Jong H. Kim, William Hart-Cooper, Kathleen L. Chan, Luisa W. Cheng, William J. Orts, Kaj Johnson
Microbiology Discovery 2016 v.4 no.2 pp. -
Aspergillus, GRAS substances, antifungal agents, antifungal properties, antioxidants, benzaldehyde, bioassays, carvacrol, drugs, fludioxonil, fungicide resistance, microbial growth, models, mutants, preservatives, standard operating procedures, surfactants, synergism, thymol, vacuoles, yeasts
Background: Control of fungi is problematic, since effective methods for intervening fungal infection or contamination, especially for those resistant to drugs/fungicides, are often very limited. Generally regarded as safe (GRAS) agents, such as natural compounds or their structural analogs could be potential sources of sustainable antifungal agents.

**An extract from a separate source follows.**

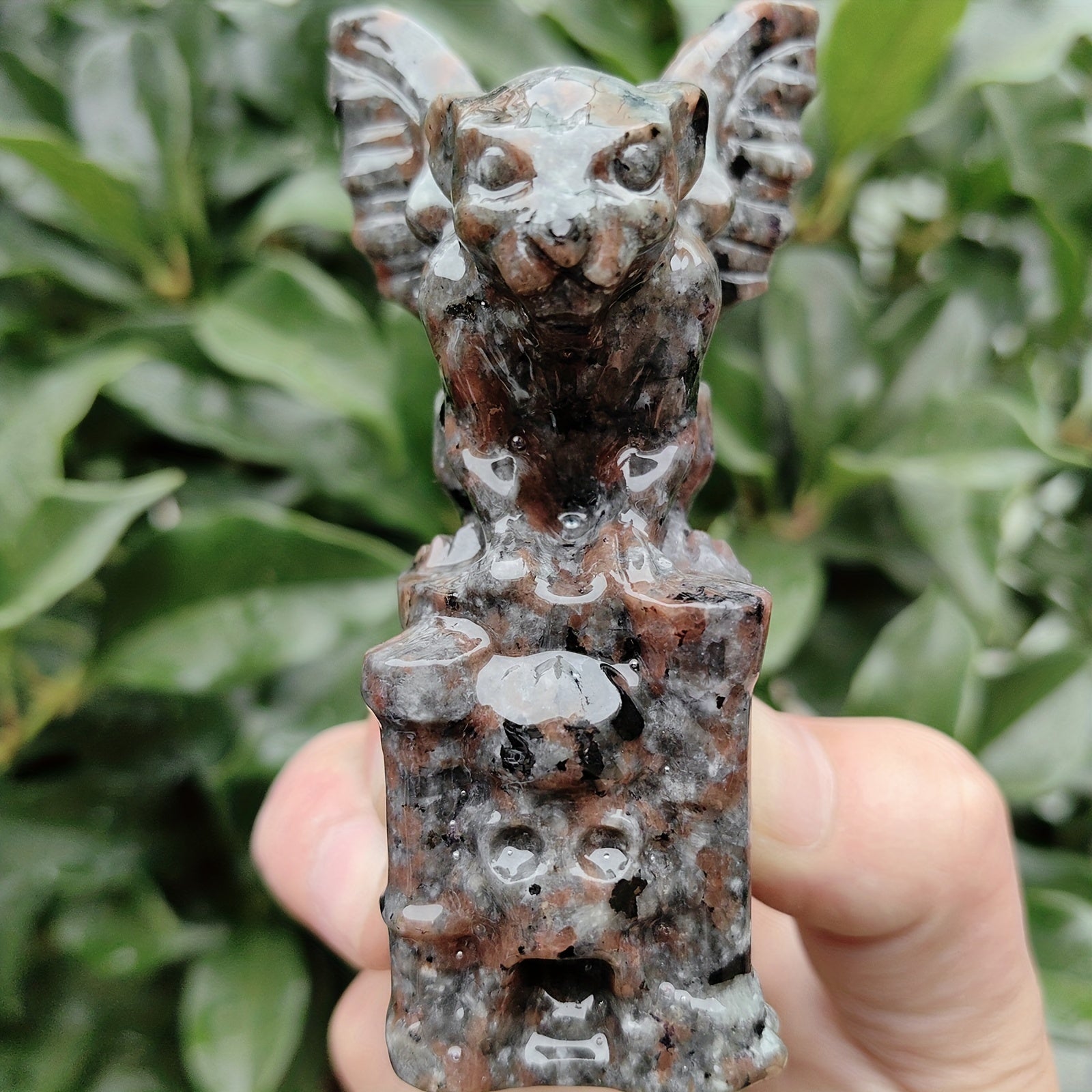 Add a spooky touch to your Halloween decor with these natural flamestone hand-carved castle gargoyles. Perfect for creating an eerie atmosphere in your home or yard.

As a proof of concept, antifungal efficacy of twenty-one compounds (mostly GRAS) and six conventional preservatives was investigated against Aspergillus brasiliensis, one of the challenge microbes for preservative evaluation. In particular, efficacy of octylgallate (OG) and 4-isopropyl- 3-methylphenol (4I3M) was evaluated for synergism as well as for overcoming fludioxonil (phenylpyrrole fungicide) tolerance of Aspergillus mutants. Findings: Out of twenty-one compounds examined (Clinical Laboratory Standards Institute Protocol), five compounds showed the highest antifungal activity, viz., OG > benzaldehyde > nonylgallate > 2-hydroxy-4-methylbenzaldehyde > carvacrol (higher to lower activity), where OG and benzaldehyde exhibited fungicidality. For formulation purpose, synergism was further investigated between OG (showing the highest activity) and conventional preservatives. 4I3M was the most responsive preservative to OG, where antifungal efficacy of 4I3M was augmented four-fold with OG + 4I3M combination. Model yeast bioassay showed vacuolar and antioxidant mutants were highly susceptible to 4I3M. 4I3M further overcame fludioxonil tolerance of oxidative signaling mutants of Aspergillus. Of note, while 4I3M and its natural derivatives (thymol, carvacrol) were compatible with two out of three commercial surfactants explored, the remaining surfactant antagonized antifungal activity of 4I3M and its derivatives. Conclusions: OG (GRAS agent) and 4I3M (conventional preservative), alone or in combination, effectively prevented fungal growth, where vacuolar detoxification and/or antioxidant system were important for fungal survival against 4I3M. While 4I3M overcame fludioxonil tolerance of Aspergillus mutants, types of surfactants co-applied were crucial for achieving optimum activity of antifungal compounds. Accordingly, comprehensive characterization of compound-compound or compound-surfactant specificity would be required further when developing sustainable antifungals.